Canadian M&A activity soars on surge in outbound deal flow: Reuters

A slew of major bets outside Canada by some of the country’s top pension funds, banks, investment management firms and insurers propelled Canadian deal activity to its second-highest level ever in 2015.

Thomson Reuters data released on Thursday showed US$278.69 billion of deal activity involving Canadian entities in 2015, up 37 percent from a year ago, and lagging only a pre-crisis high hit in 2007.

JPMorgan, lead advisor to General Electric on the sale of its finance assets, claimed top spot in the Canadian M&A league tables as big parts of that GE portfolio were scooped up by Canadian institutions like Canada Pension Plan Investment Board, Bank of Montreal and Element Financial.

“The real story around Canadian M&A activity this year was the outbound activity that was up some 175 percent and drove the lion’s share of activity” said John Armstrong, head of Canadian M&A at BMO Capital Markets.

Morgan Stanley, Royal Bank of Canada, Bank of America and BMO rounded out the top five in Canada, with other international banks like Citigroup, Credit Suisse and Barclays, placing high in the rankings.

Among the domestic banks CIBC came in third, and a new player, INFOR, emerged as the top independent Canadian investment bank.

“The continuing emergence of the Canadian pension funds as top-tier deal-makers on the global stage was solidified in 2015,” said Ron Lloyd, head of Credit Suisse Canada.

“Our pipeline remains very strong,” said Barclays Canada head Bruce Rothney, adding he expects Canadian pension funds to look at further resource sector investments as commodity prices hover around cyclical lows.

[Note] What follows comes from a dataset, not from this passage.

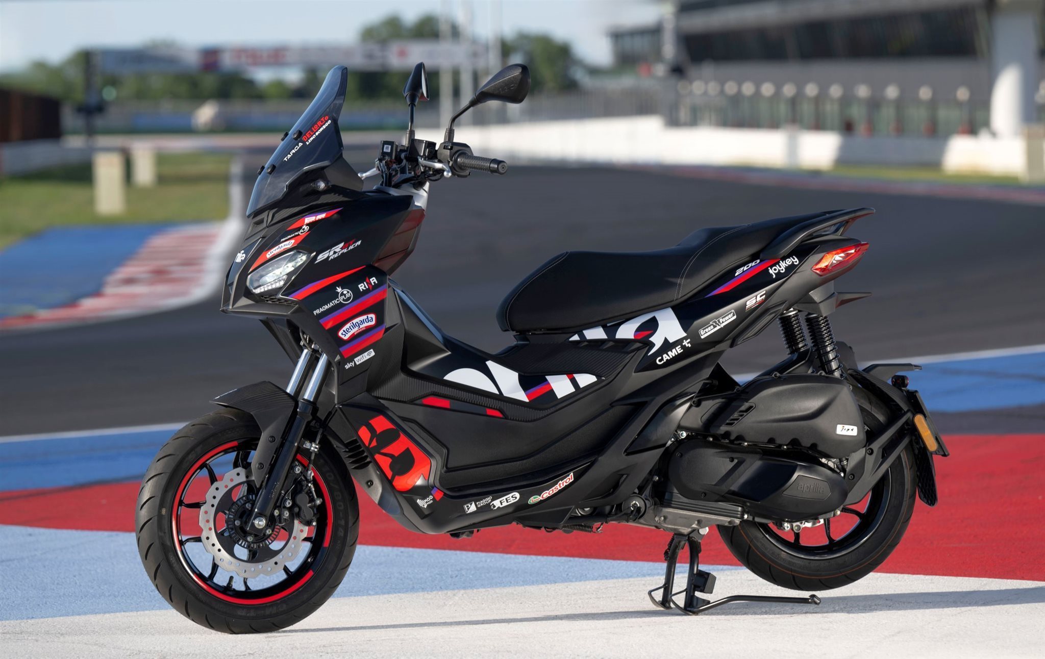 Die Sonderedition Replica zeigt stolz ihre vom Rennsport inspirierten Referenzen. Mit seiner auffälligen Optik, die sich durch eine mattschwarze Verkleidung mit roten und violetten Grafikelementen auszeichnet, macht der SR GT keinen Hehl daraus, dass er von der RS-GP25 inspiriert ist. Der Soziusgriff und der Spoiler sind ebenfalls in Mattschwarz gehalten, während das ikonische Aprilia Logo an der Seite prangt.

“There will be some creative deals that will get done in the resource space,” said Rothney.

The strong M&A data from 2015 shrouded the fact that soft commodity prices have muted resource-sector activity that typically accounts for a large part of Canadian deal flow. But, bankers now expect weak commodity prices to spur more opportunistic deals.

“M&A activity in the energy sector is likely to pick up over the next 12 to 18 months,” said David Rawlings, head of JPMorgan Canada. “There should be an opportunity to create real franchise value for well-capitalized companies.”

This in turn has increased optimism around 2016.

“Canada is set up for increased M&A,” said Neil Selfe, head of INFOR. “However, global macroeconomic uncertainty and rising interest rates are likely to have a moderating effect on what would otherwise be a vibrant M&A environment.”